## PROVIDED DATA
****************************************
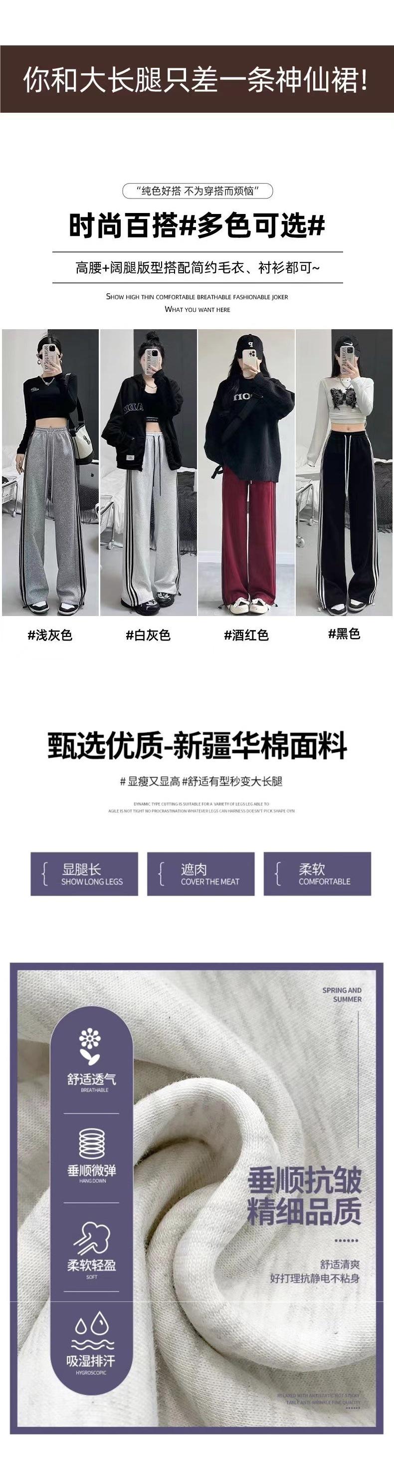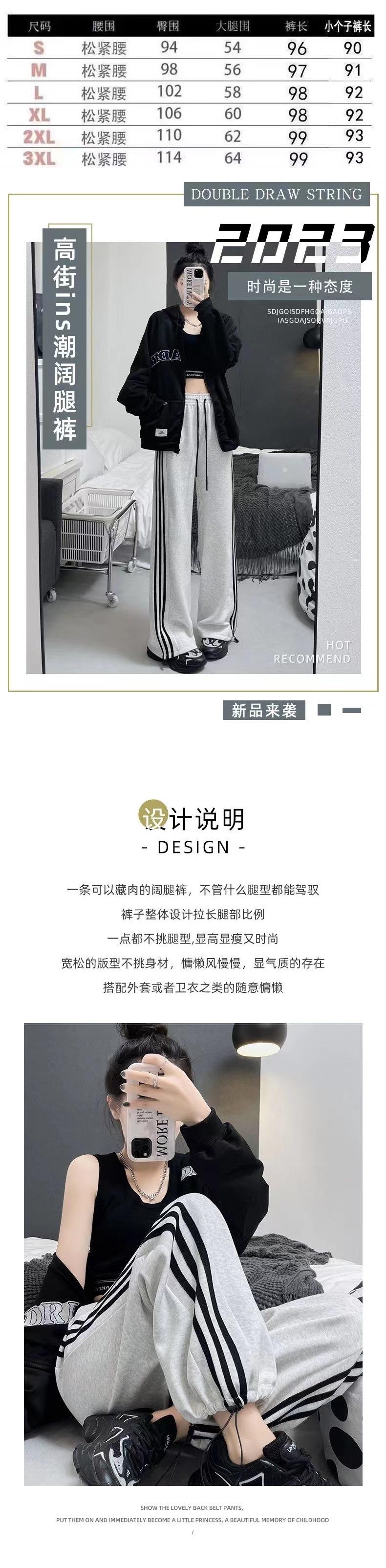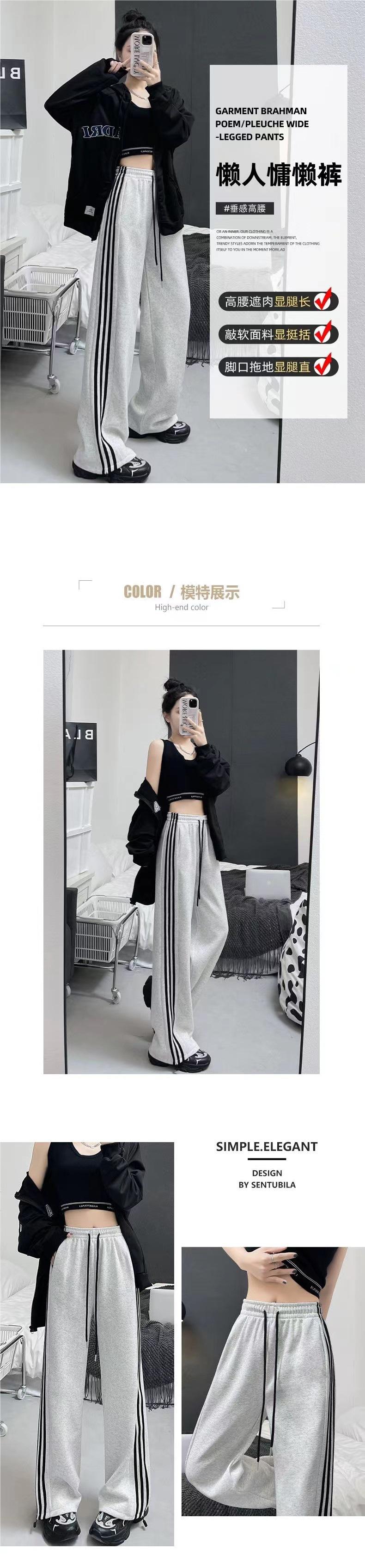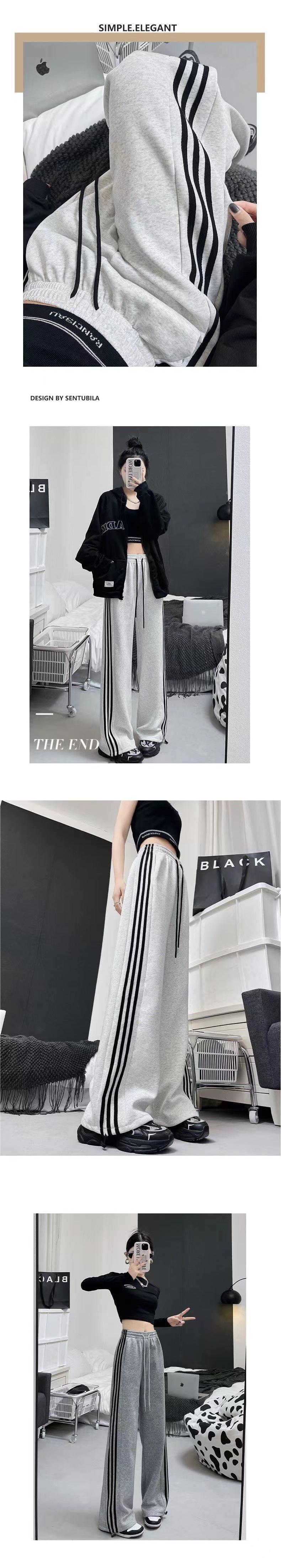 Pantalones de Sudor Americanos de 4 Colores para Mujer Primavera y Otoño Nuevo Cintura Alta Casual Rectos Pierna Ancha Petite Pantalones de Sudor a Rayas
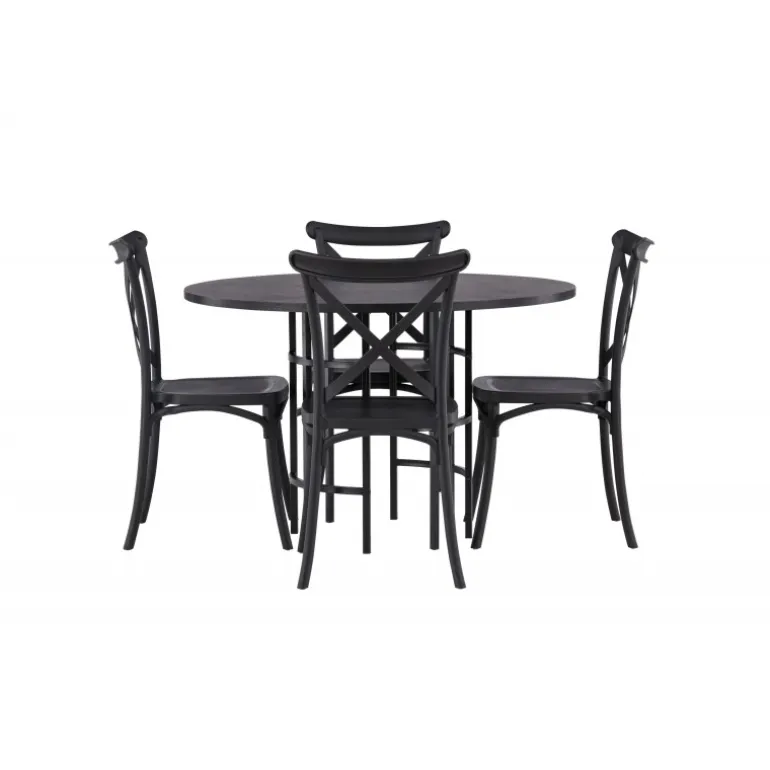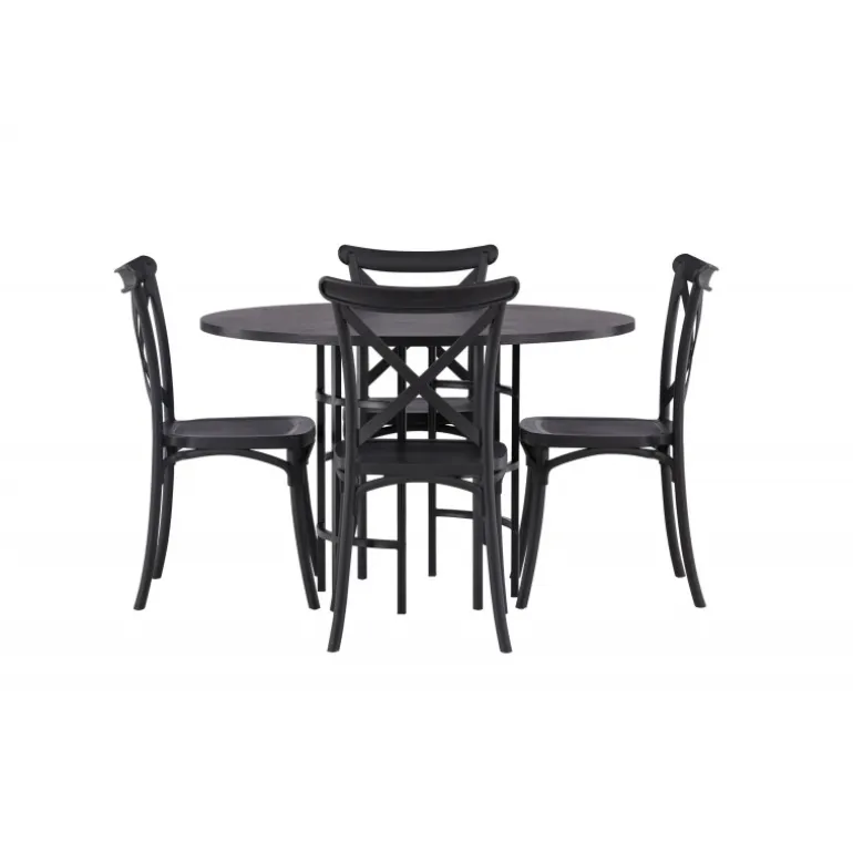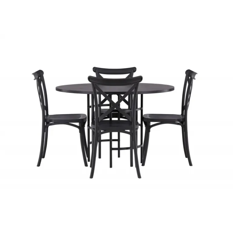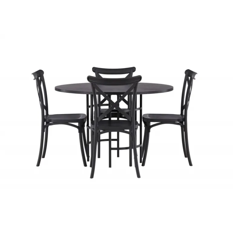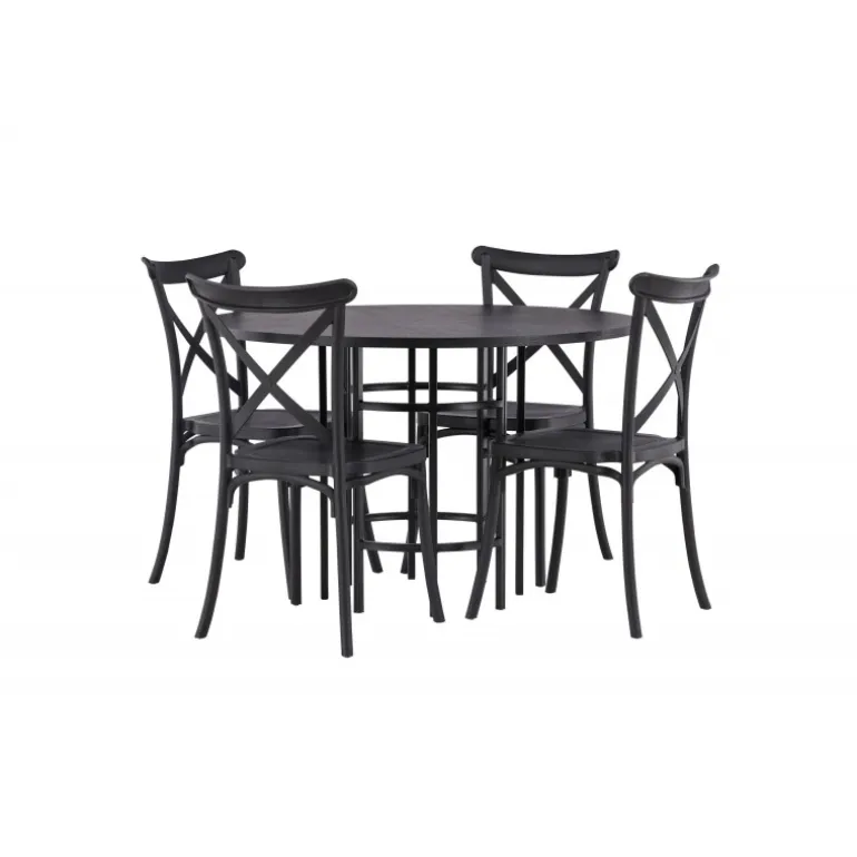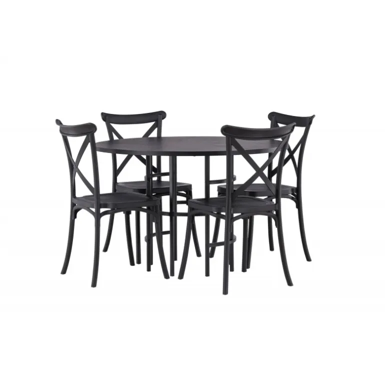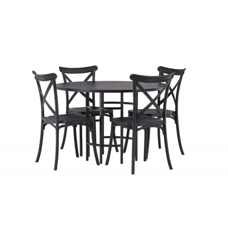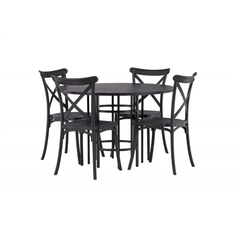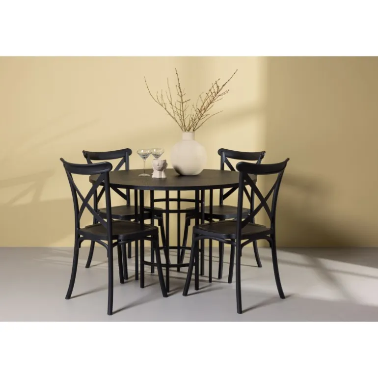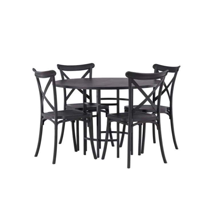 Det industrielle design beskriver dette Spisebordssæt perfekt! Vores runde spisebord Copenhagen har en elegant, sort bordplade i MDF og en dekorativ, cylinderformet base i sort metal. Her i stilfuld kombination med sorte spisebordsstole fra Crosett-serien. Stolen er konsekvent lavet af det praktiske materiale plastik og har en mat sort farve, der står tidens prøve. Lad tiden her være dagens højdepunkt! Bordets dimensioner: 115 cm.
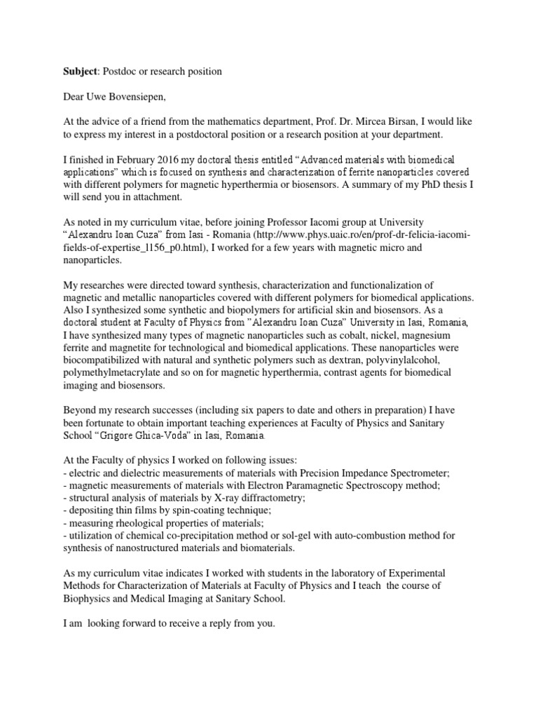 Postdoc Application Cover Letter Sample Resume Profile
****************************************
## ABOUT THIS TASK
The answer should hold every line of the listing, copied exactly, with no pictures.

## WRITTEN RESPONSE
 Pantalones de Sudor Americanos de 4 Colores para Mujer Primavera y Otoño Nuevo Cintura Alta Casual Rectos Pierna Ancha Petite Pantalones de Sudor a Rayas
 Det industrielle design beskriver dette Spisebordssæt perfekt! Vores runde spisebord Copenhagen har en elegant, sort bordplade i MDF og en dekorativ, cylinderformet base i sort metal. Her i stilfuld kombination med sorte spisebordsstole fra Crosett-serien. Stolen er konsekvent lavet af det praktiske materiale plastik og har en mat sort farve, der står tidens prøve. Lad tiden her være dagens højdepunkt! Bordets dimensioner: 115 cm.
 Postdoc Application Cover Letter Sample Resume Profile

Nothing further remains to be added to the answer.